I know I can do something like this ...
command >tempfile
rc=$?
output=$(cat tempfile)
Then, I have the return code in the 'rc' shell variable and the command's output in the 'output' shell variable.
However, I want to do this without using any temporary files.
Also, I could do this to get the command output ...
output=$(command)
... but then, I don't know how to get the command's return code into any shell variable.

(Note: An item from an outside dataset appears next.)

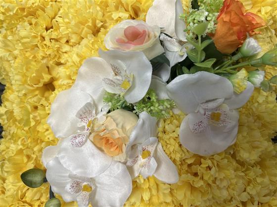 Artificial carnations with rose and orchid spray
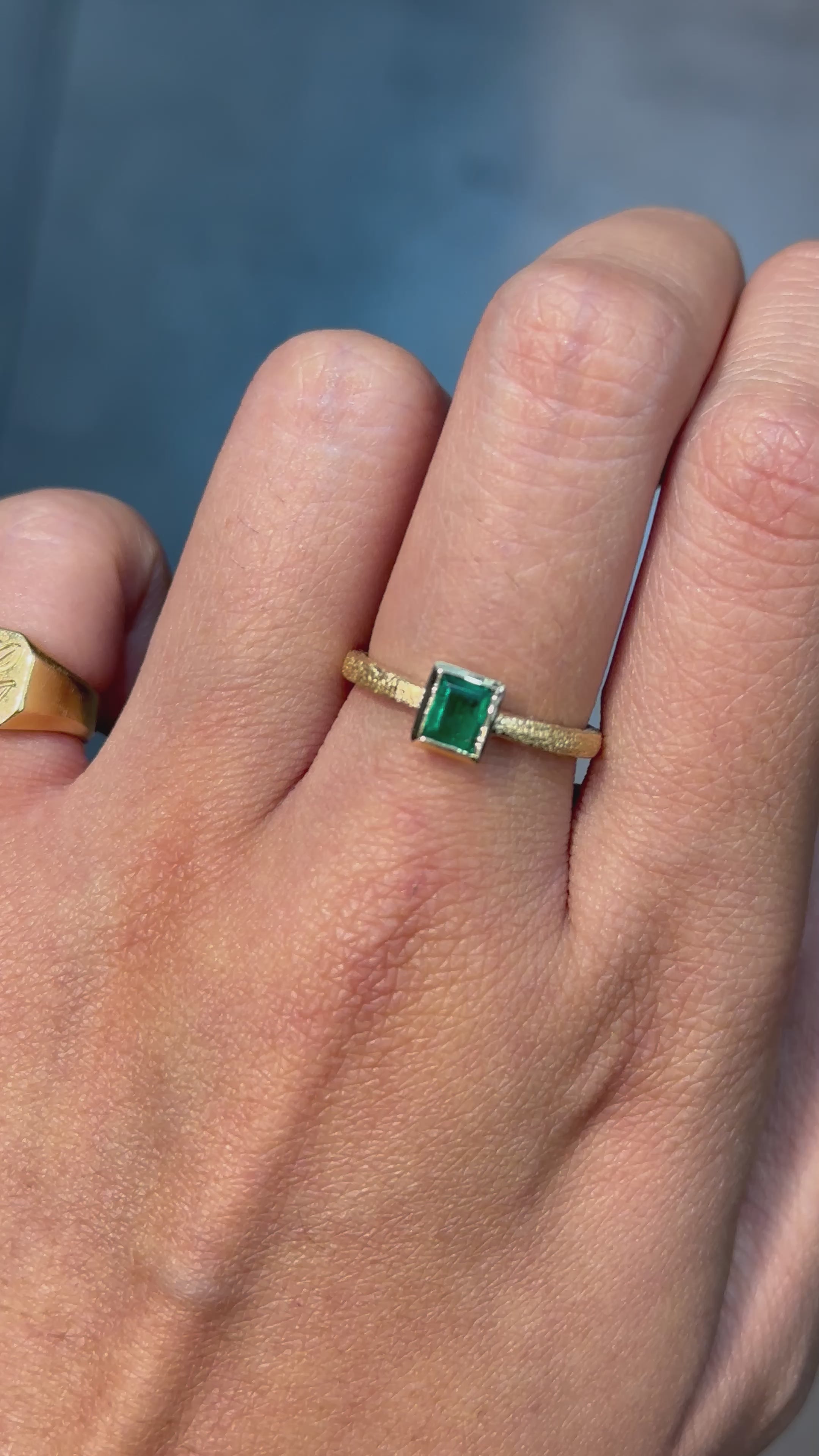 Yellow Gold Ring with 0.34 ct Baguette Emerald - Antique Style Textured Band

Can anyone suggest a way to get both the return code and the command's output into two shell variables without using any files?
Thank you very much.
Just capture $? as you did before. Using the executables true and false, we can demonstrate that command substitution does set a proper return code:
$ output=$(true); rc=$?; echo $rc
0
$ output=$(false); rc=$?; echo $rc
1
If more than one command substitution appears in an assignment, the return code of the last command substitution determines the return code of the assignment:
$ output="$(true) $(false)"; rc=$?; echo $rc
1
$ output="$(false) $(true)"; rc=$?; echo $rc
0
From the section of man bash describing variable assignment:
If one of the expansions contained a command substitution, the exit status of the command is the exit status of the last command substitution performed. If there were no command substitutions, the command exits with a status of zero.